### INSTRUCTIONS FOR THE TASK
Your task is to reproduce, verbatim and without pictures, the lines from the opening of the listing through the line containing "2、點(diǎn)擊設(shè)置,配置網(wǎng)站書簽的樣式。".

### MATERIAL PROVIDED
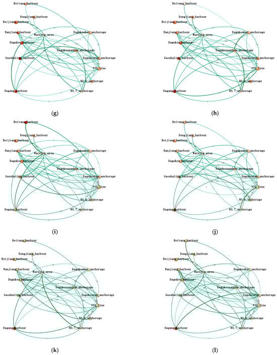 Network structures of Tianjin Port; Network structures in (a) January; (b) February; (c) March; (d) April; (e) May; (f) June; (g) July; (h) August; (i) September; (j) October; (k) November; (l) December.
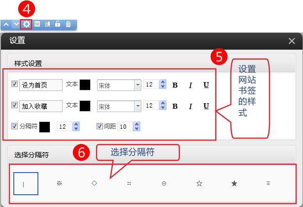 2、點(diǎn)擊設(shè)置,配置網(wǎng)站書簽的樣式。
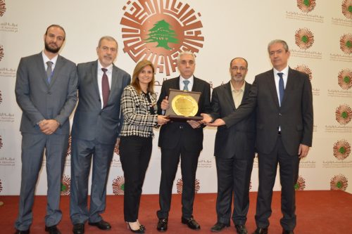 ثم سلمت النقيبة رولا ديب ورئيس مجلس جمعية ICD وأعضاء النقابة درعاً تكريمية لممثل الوزير حاصباني.
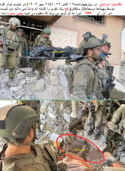 اسرائیل یک ماه پیش «خبرترور یحیی سنوار» راداده بود،دربمباران«تل السلطان»(شهر رفح) واما مطمئن نبودندکه فردی که کشته اند«رئیس دفتر سیاسی حماس»است یانه ،برای راستی آزمایی پیکر شهیدیحیی سنوار را به اورشلیم بردندبرای آزامایش (DNA)...وزیر خارجه اسرائیل، روز پنجشنبه ۱۷ اکتبر ۲۰۲۴(۲۶ مهر ۱۴۰۳) کشته شدن یحیی سنوار، رهبر حماس را تایید کرد.

### REPLY
 Network structures of Tianjin Port; Network structures in (a) January; (b) February; (c) March; (d) April; (e) May; (f) June; (g) July; (h) August; (i) September; (j) October; (k) November; (l) December.
 2、點(diǎn)擊設(shè)置,配置網(wǎng)站書簽的樣式。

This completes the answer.